SOURCE DATA
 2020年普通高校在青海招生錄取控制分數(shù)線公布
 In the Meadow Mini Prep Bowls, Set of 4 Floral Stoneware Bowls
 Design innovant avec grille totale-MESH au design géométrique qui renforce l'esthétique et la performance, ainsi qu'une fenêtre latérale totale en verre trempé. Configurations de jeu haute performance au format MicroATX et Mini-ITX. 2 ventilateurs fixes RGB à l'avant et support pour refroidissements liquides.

---

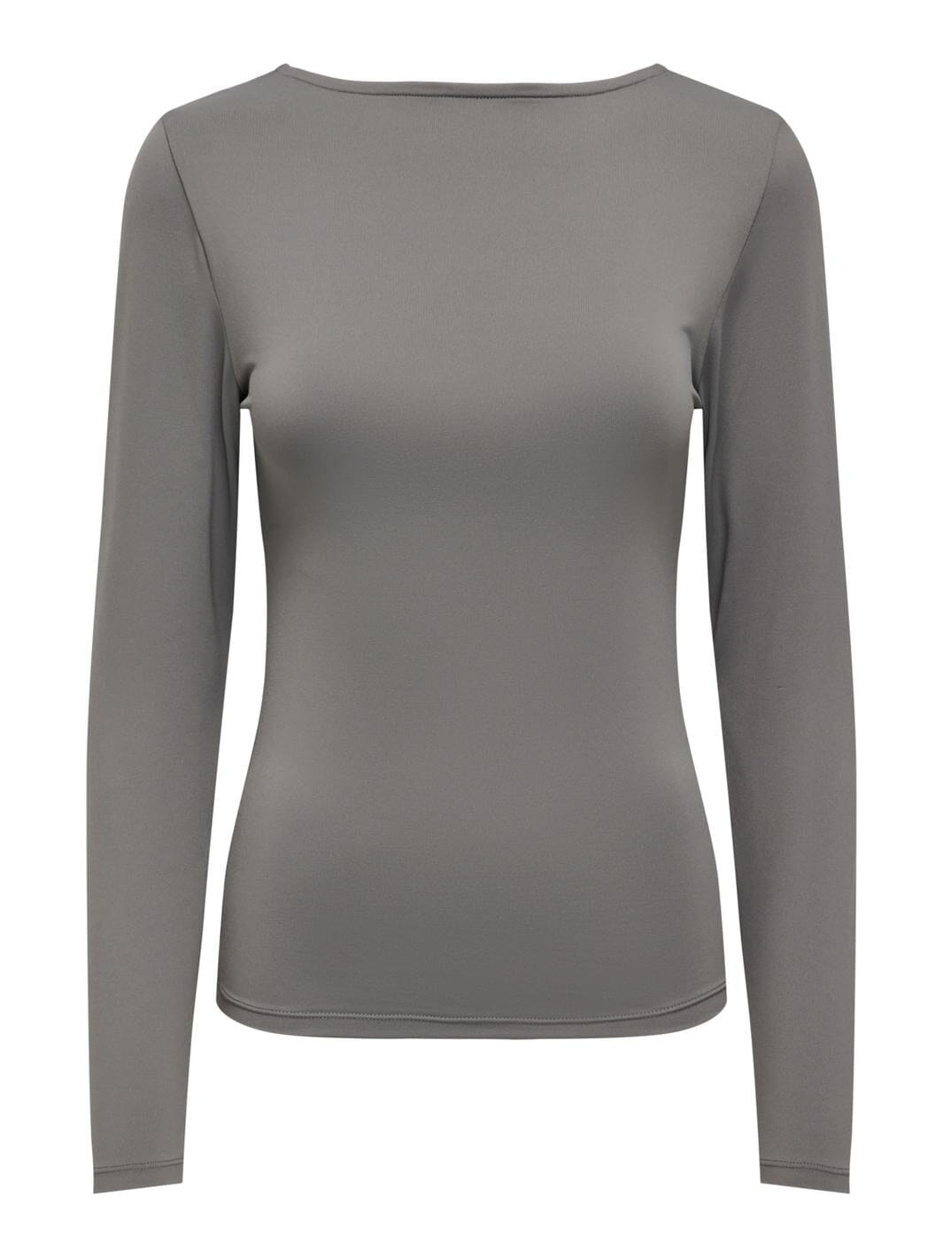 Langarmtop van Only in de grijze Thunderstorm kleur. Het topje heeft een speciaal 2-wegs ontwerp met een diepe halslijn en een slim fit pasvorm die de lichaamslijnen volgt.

YOUR ASSIGNMENT
Every line containing the word "Mini" must be copied from the material above.

ANSWER AREA
 In the Meadow Mini Prep Bowls, Set of 4 Floral Stoneware Bowls
 Design innovant avec grille totale-MESH au design géométrique qui renforce l'esthétique et la performance, ainsi qu'une fenêtre latérale totale en verre trempé. Configurations de jeu haute performance au format MicroATX et Mini-ITX. 2 ventilateurs fixes RGB à l'avant et support pour refroidissements liquides.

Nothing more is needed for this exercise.